Juliet famously mused: “What’s in a name? That which we call a rose by any other name would smell as sweet.” I humbly submit that if Juliet was in the business of selling flowers, she would have seen things a little differently. She would have realized that there is a lot “in a name.” Because if Juliet sold flowers for a living, then people all around Verona (that’s where Juliet and her paramour, Romeo, lived) would use the “name” she chose for her business to differentiate her flower business from every other flower business. In other words, they would want to know Juliet’s “trademark.”
What is a trademark? It’s a symbol, image, word, group of words, number, or sound that designates the source of origin for goods or services. A trademark tells the world “who” you are, not “what” you are. In our hypothetical twist on Shakespeare, above, Juliet would likely not simply call her store “Flower Store,” because that would not help the flower buyers of Verona remember where they bought those awesome arrangements. Instead, Juliet would want to pick a name that told the flower-buying public who she was: “Star-Crossed Bouquets,” maybe?
So how do I obtain rights in a trademark? In a lot of ways, trademark law can be counterintuitive and different from other types of “intellectual property.” For instance, to acquire patent rights, you need to file a patent application. Acquisition of trademark rights differs from copyrights, too. If you have a clever idea that can be characterized as an artistic expression, and you write it down: Bingo, you have a copyright, and you can prevent others from copying your work. You can think of the coolest trademark in the world, but to own the mark, you need to use the mark in commerce.
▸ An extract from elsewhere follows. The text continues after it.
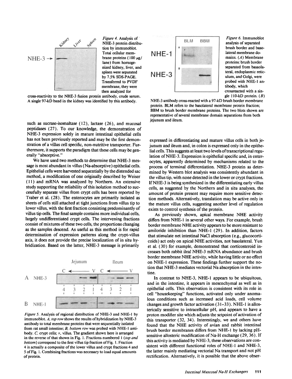 Na-H exchange (NHE) is one of the major non-nutritive Na absorptive pathways of the intestine and kidney. Of the four NHE isoforms that have been cloned, only one, NHE-3, appears to be epithelial specific. We have examined the regional and cellular expression of NHE-3 in the rat intestine. NHE-3 message in the small intestine was more abundant in the villus fractions of the small intestine than in the crypts. Analysis of NHE-3 mRNA distribution in the gut by in situ hybridization demonstrated epithelial cell specificity, as well as expression preferential to villus cells. NHE-1 message, in contrast, was ubiquitous, with slightly greater expression exhibited in the differentiating crypt and lower villus cells of the small intestine. Isoform-specific NHE-3 fusion protein antibody identified a 97-kD membrane protein in the upper villus cells of the small intestine, which was exclusively localized in the apical membrane. In contrast, antibody previously developed against the COOH-terminal region of human NHE-1 (McSwine, R. L., G. Babnigg, M. W. Musch, E. B. Chang, and M. L. Villereal, manuscript submitted for publication) identified a 110-kD basolateral membrane protein. These data suggest that unlike NHE-1, which probably serves a "housekeeping" function, NHE-3 may be involved in vectorial Na transport by the intestine.

But aren’t there trademark registrations? Yes, there are. You can register a trademark at the state level and federal level. And though registration offers benefits, the registration of a trademark does not confer substantive rights on the user, and you can infringe upon someone else’s unregistered trademark.
To help avoid a claim of infringement, you should always conduct a full trademark search before you use the mark in commerce. Words of caution: A “Google search” is not a full trademark search. A search of the United States Patent and Trademark Office database is not a full trademark search (but it is a good start). Instead, there are search firms that specialize in full trademark searches. They will search federal and state databases, in addition to hundreds of other sources, to determine if there are other potentially confusingly similar trademarks in use that may pose a risk to your appropriation of a trademark for use in commerce. That way, you can keep your roses smelling sweet.